### Exercise
Pictures in the listing below are skipped, while the lines from the "In the 13C NMR" line through the "淺析黃鱔出血綜合癥之成因及相應(yīng)對(duì)策" line are returned word for word.

### Given records
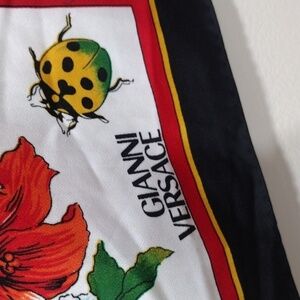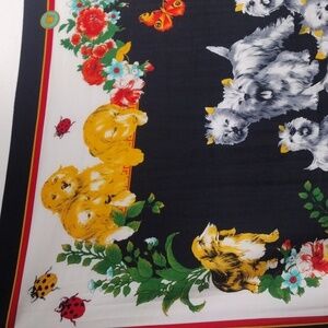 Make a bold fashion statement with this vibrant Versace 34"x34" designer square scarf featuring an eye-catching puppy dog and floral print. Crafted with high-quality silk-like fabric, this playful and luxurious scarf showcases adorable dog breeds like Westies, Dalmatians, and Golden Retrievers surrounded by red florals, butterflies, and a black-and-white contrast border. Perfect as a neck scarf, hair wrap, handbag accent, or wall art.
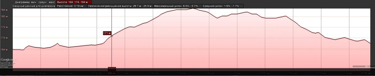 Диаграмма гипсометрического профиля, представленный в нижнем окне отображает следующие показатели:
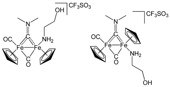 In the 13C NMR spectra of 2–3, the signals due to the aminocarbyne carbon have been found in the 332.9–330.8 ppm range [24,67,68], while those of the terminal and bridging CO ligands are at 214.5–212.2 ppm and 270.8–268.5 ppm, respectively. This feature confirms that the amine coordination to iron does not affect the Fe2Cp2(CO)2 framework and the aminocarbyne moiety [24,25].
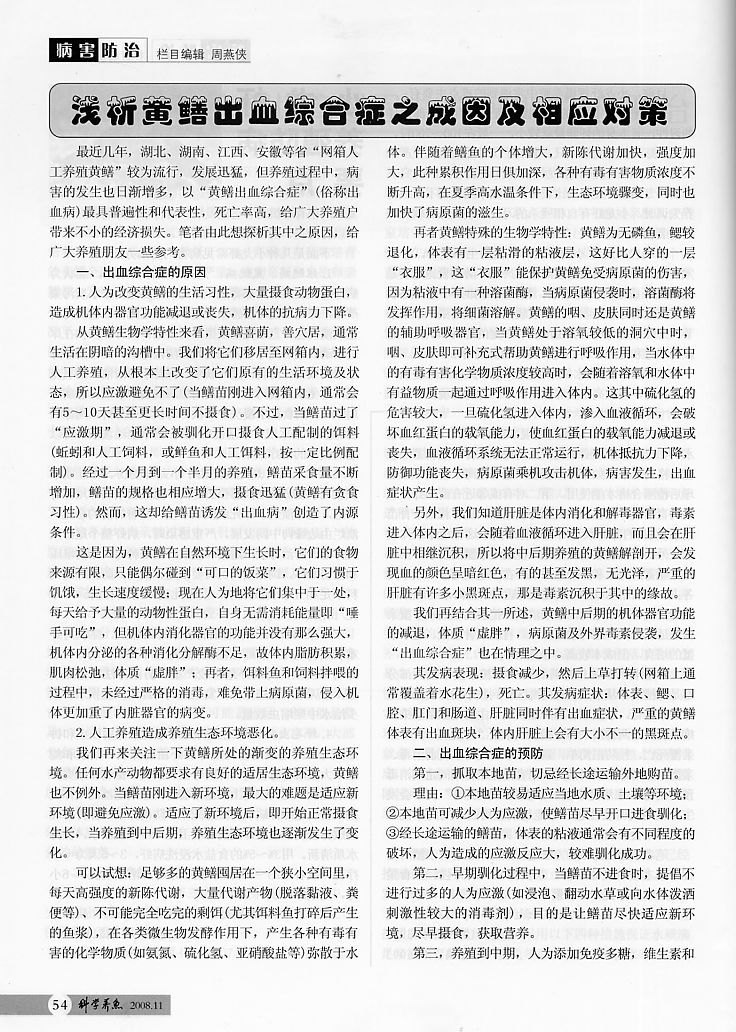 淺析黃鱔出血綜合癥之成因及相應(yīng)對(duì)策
==
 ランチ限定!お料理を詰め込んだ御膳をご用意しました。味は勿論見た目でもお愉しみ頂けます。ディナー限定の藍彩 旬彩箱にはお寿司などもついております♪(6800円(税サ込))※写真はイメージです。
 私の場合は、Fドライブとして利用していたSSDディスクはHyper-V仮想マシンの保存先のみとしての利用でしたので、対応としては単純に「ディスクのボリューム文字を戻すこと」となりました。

### Answer section
 In the 13C NMR spectra of 2–3, the signals due to the aminocarbyne carbon have been found in the 332.9–330.8 ppm range [24,67,68], while those of the terminal and bridging CO ligands are at 214.5–212.2 ppm and 270.8–268.5 ppm, respectively. This feature confirms that the amine coordination to iron does not affect the Fe2Cp2(CO)2 framework and the aminocarbyne moiety [24,25].
 淺析黃鱔出血綜合癥之成因及相應(yīng)對(duì)策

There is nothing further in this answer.